At this time, the height dimension ΔY of the hydrophilization treatment portion 22b may satisfy 0.05 ≦ ΔY / (ΔY + Y2) ≦ 0.1. The height dimension Y1 of the hydrophilization treatment portion 22a of the first embodiment shown in FIG. 4 becomes less than 5% of the height dimension of the humidifying water retaining material 2a when the area of the humidifying water retaining material 2a is effectively utilized. .. Therefore, for the humidifying water-retaining material 2b according to the second embodiment, 0.05 ≦ ΔY / (ΔY + Y2) is appropriate for the purpose of dispersing water in the ventilation direction. Further, from the viewpoint of odor adsorption, the ratio of the area occupied by the hydrophilization treatment portion 22b to the surface area of the humidifying water retention material 2b should be small, and by suppressing the area ratio to 10% or less, the entire surface becomes hydrophilic. Compared with the treated water-retaining material for humidification, the generation of odor can be suppressed by 90%. Therefore, it is preferable that the ratio of the hydrophilization treatment portion 22b to the surface of the humidifying water retention material 2a is 5% or more and 10% or less.

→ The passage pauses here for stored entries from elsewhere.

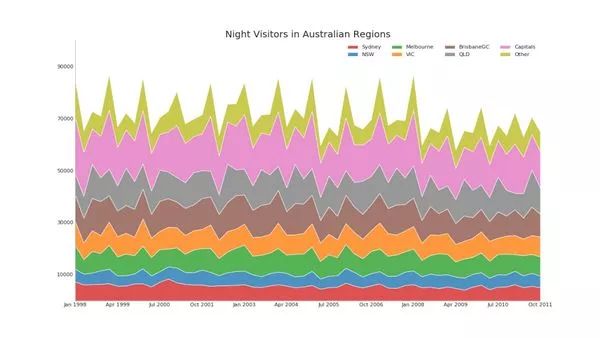 堆积面积图可以直观地显示多个时间序列的贡献程度,因此很容易相互比较。
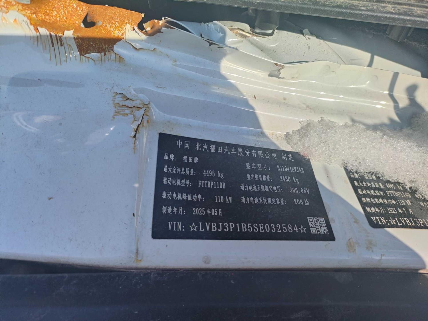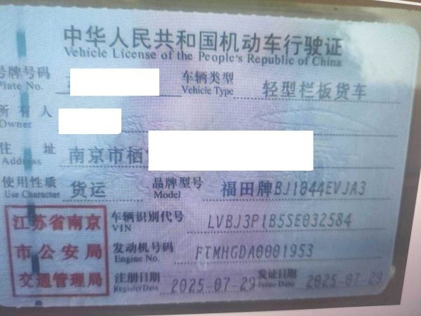 初次登记日期 2025-07-29 车辆名称 福田牌
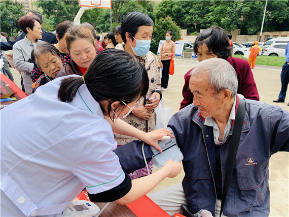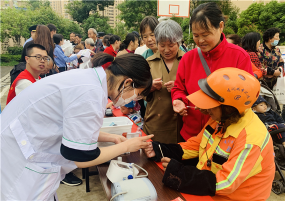 上午十點,前來排隊的居民絡(luò)繹不絕,有的帶著家中的血壓計前來檢定是否準確,有的帶著眼鏡準備清洗,有的準備測量血糖血壓。吳師傅帶上清洗后的眼鏡看了一會,點點頭:“是感覺清晰了”,方阿姨拿著檢定過的血壓計高興地說:“這個血壓計買了好幾年了,前段時間量血壓老擔心不準,這回放心了!”那邊,醫(yī)務(wù)人員耐心叮囑:“從您的血壓和血糖結(jié)果來看,需要注意飲食和鍛煉,少吃甜食,注意葷素搭配。”
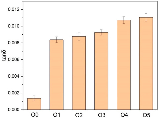 As shown in Figure 5, after the 30-day thermal aging, the dielectric loss factors of O1–O5 were higher than that of O1, indicating that under the same aging time, the aging products of O0 were smaller than in the corresponding insulating oils from S1–S5 with the added amine compounds. Among them, O5 got the largest tanδ, indicating that the most polarizing substances were produced in the aging process of O5, whereas the dielectric losses of O1 and O2 were relatively low, only higher than O0.
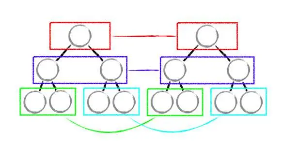 基于tree diff策略,React对Virtual DOM树进行 分层比较、层级控制,只对相同颜色框内的节点进行比较(同一父节点的全部子节点),当发现某一子节点不在了直接删除该节点以及其所有子节点,不会用于进一步的比较,在算法层面上就是说只需要遍历一次就可以了,而无需在进行不必要的比较,便能完成整个DOM树的比较。
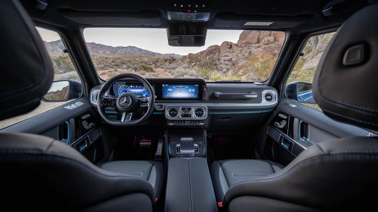 Pour Mercedes, il était crucial que ce Classe G électrique conserve ses capacités de franchissement. Grâce à la gestion indépendante de ses quatre moteurs, le véhicule excelle dans les terrains difficiles. Sa fiche technique comprend également la fonction innovante « G-Turn », qui permet au véhicule de pivoter sur lui-même. Le « G-Steering » est également de la partie pour réduire le rayon de braquage. Les amateurs de tout-terrain peuvent être tranquilles : la batterie est sécurisée par une plaque antichocs de 26 mm d’épaisseur, renforcée de carbone.
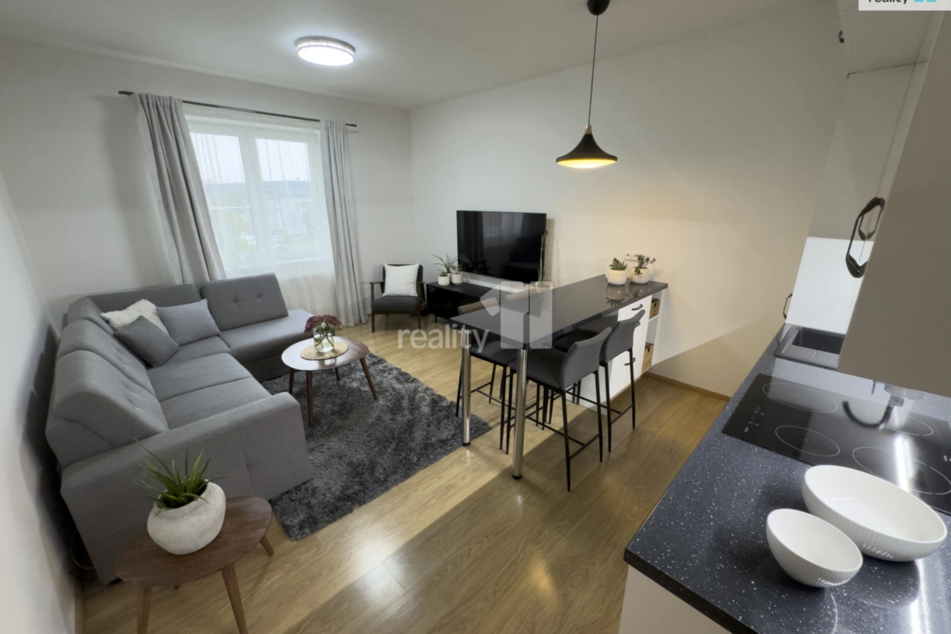 Minimalistický interiér bytu podtrhuje elegantní a nadčasový design kuchyňského koutu. Byt má plastová okna, vinylové podlahy a v chodbě velké množství úložných prostor na míru (vestavěné skříně jsou z roku 2022). Moderní kuchyňská linka je vybavena vestavěnými spotřebiči.
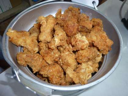 今日の給食は,子どもたちに大人気の「チキンカツ」でした。「チキンカツ」は,鶏肉に塩,こしょうをし,卵と水と小麦粉を合わせて衣をつけ,さらにパン粉をつけて油で揚げられていました。
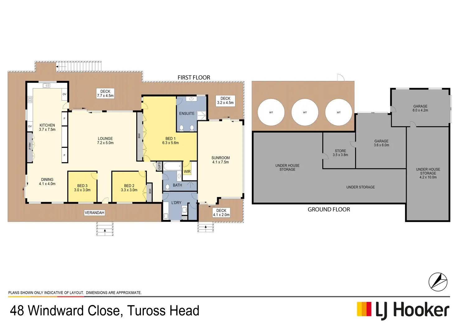 The home is elevated single level with garages underneath, and has a covered, tiled verandah on front, side and a large covered, tiled deck to the rear with a stunning eastern view.
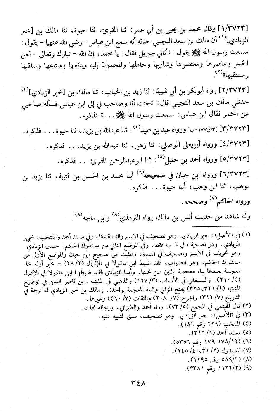 3723 / 2 - رَوَاهُ أَبُو بَكْرِ بْنُ أَبِي شَيْبَةَ: ثنا زيد بن الحباب، ثنا مالك بن أخير الزبادي، حدثني مالك بن محعد التجيبي قال: "جئت أنا وصاحب لي إِلَى ابْنِ عَبَّاسٍ فَسَأَلَهُ صَاحِبِي عَنِ الْخَمْرِ فَقَالَ ابْنُ عَبَّاسٍ: سَمِعْتُ رَسُولَ اللَّهِ- صَلَّى اللَّهُ عَلَيْهِ وَسَلَّمَ - ... " فَذَكَرَهُ.
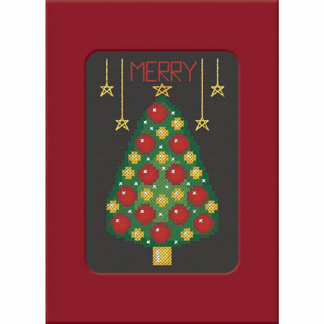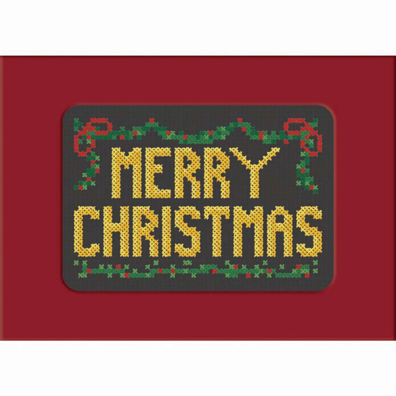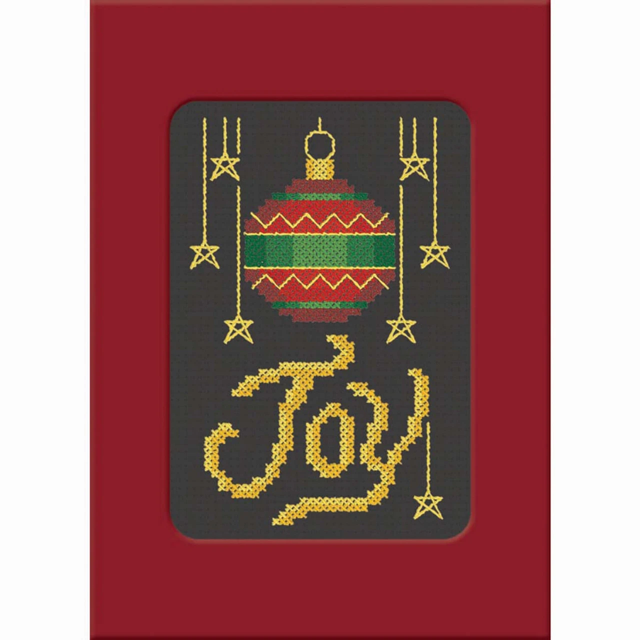 • This counted cross-stitch kit includes black 14-ct. aida cloth, cotton floss, red tri-fold cards with envelopes, needle, and instructions.
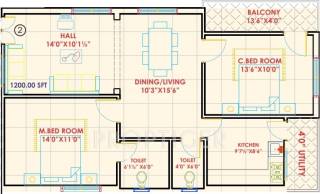 2BHK+2T (1,200 sq ft)
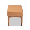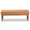 Give your dining room a refreshing update with the rich comfort and classic design of the Daymond dining bench. Made in Malaysia, this walnut brown finished wood bench complements any room layout. The Daymond is padded with plush foam and upholstered in tan faux leather for smooth comfort with every meal. Requiring assembly, the Daymond features sleek channel tufting for a contemporary look. Angled, tapered legs create a charming silhouette inspired by mid-century design. An excellent addition to smaller dining rooms and nooks, the Daymond dining bench brings a cool, laidback atmosphere to any space. Dimensions: 17.3" High x 47" Wide x 17.7" Deep; Seating Dimensions: 17.3" High x 47" Wide x 17.7" Deep; Legs: 11.4" High;
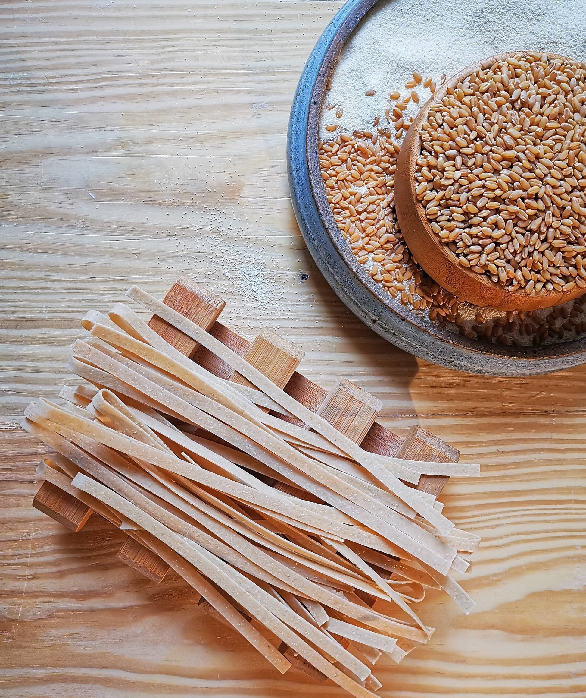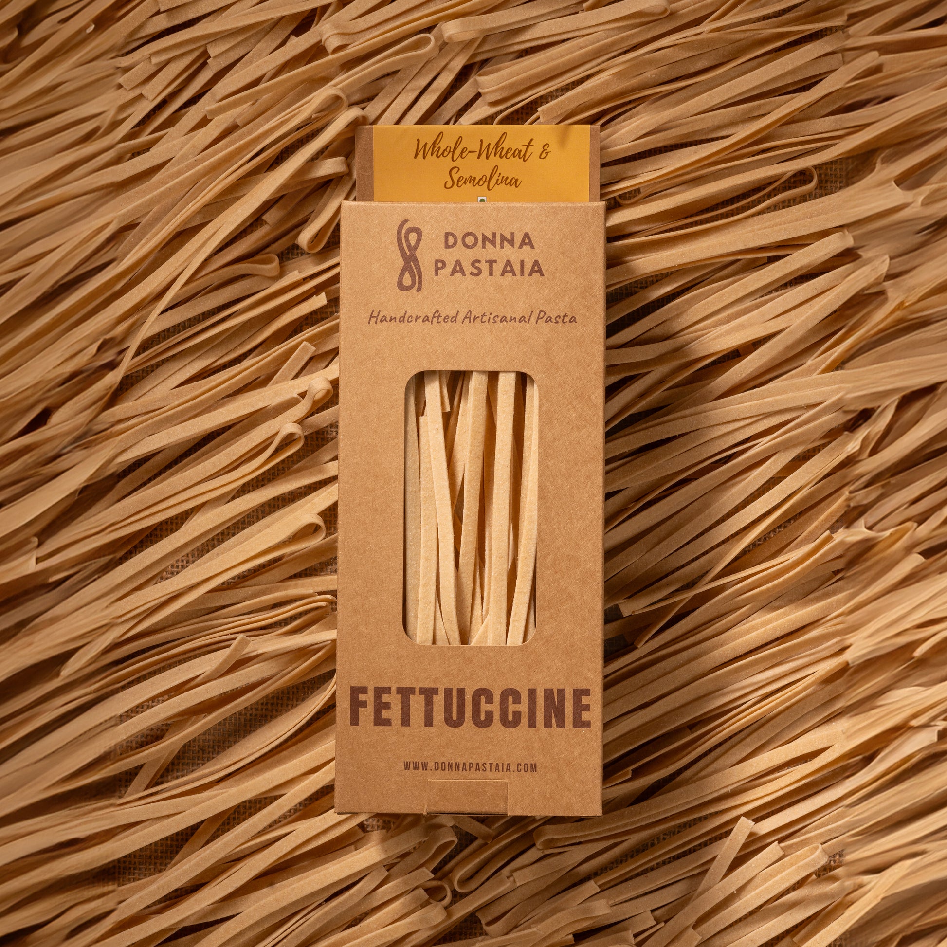 We have added a healthy twist to the traditional eggless semolina pasta by marrying it with whole wheat to give it that extra fibre and protein! For the times when you do not want to compromise on either health or taste. This very versatile pasta is made with a combination of organic whole wheat and organic semolina, rolled into ribbons and dried using time tested techniques at low temperatures to maintain the integrity and benefits of our handpicked ingredients.
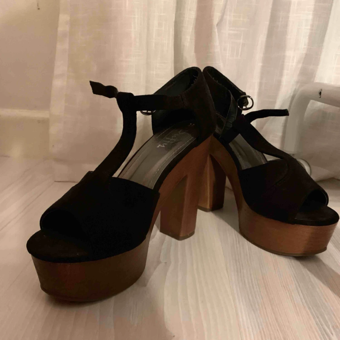 Klackskor endast använda vid ett tillfälle. Imitations mocka.
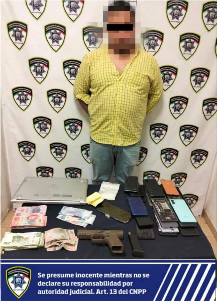 En conflicto vial, detienen a sujeto con arma, "cristal", celulares y efectivo
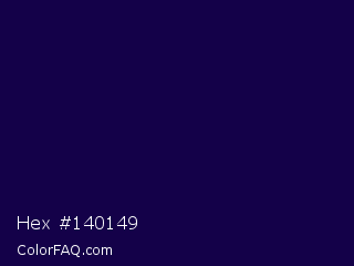 Hex #140149 Color is a very dark indigo color and the nearest color is Tolopea #1b0245. Hex code #140149 and RGB value is rgb(20,1,73). In RGB color space, this color is composed of 8% red, 0% green, 29% blue, In CMYK color space, this color is composed of 73% cyan, 99% magenta, 0% yellow , 71% black , In HSL color space, this color has a hue angle of 256° , 97% saturation and 15% lightness.

It is said that the sensitivity of a person's sense of smell is usually an index of sensitivity when the logarithm of concentration is taken. Therefore, considering the sensitivity of human olfaction, the humidifying water-retaining material 2b according to the second embodiment that suppresses the generation of odor by 90% can reduce the odor by half with the sensitivity of olfaction. When the risk of odor generation is not large and it is necessary to secure a sufficient amount of humidification, the humidifying water-retaining material 2b of the second embodiment can be used to obtain the humidifying water-retaining material 2a of the first embodiment. The number of humidifying water-retaining materials 2b can be reduced to reduce costs, water can be dispersed in the ventilation direction, and adsorption of odorous substances in the air can be suppressed.

Embodiment 3.
FIG. 6 is a front view of a water-retaining material for humidification of the humidifying device according to the third embodiment of the present invention. The humidifying water-retaining material 2c according to the third embodiment is provided with a plurality of hydrophilization treatment portions 22c having a height dimension ΔY3 at intervals of a height dimension Y3. An angle θ is inclined between the lower end of the hydrophilization treatment portion 22c and the leeward end surface, and the height of the upstream end portion of the circulating air is on the downstream side of the hydrophilization treatment portion 22c. It is below the height of the edge. The hydrophilization treatment site 22c extends in a direction along the flow of flowing air.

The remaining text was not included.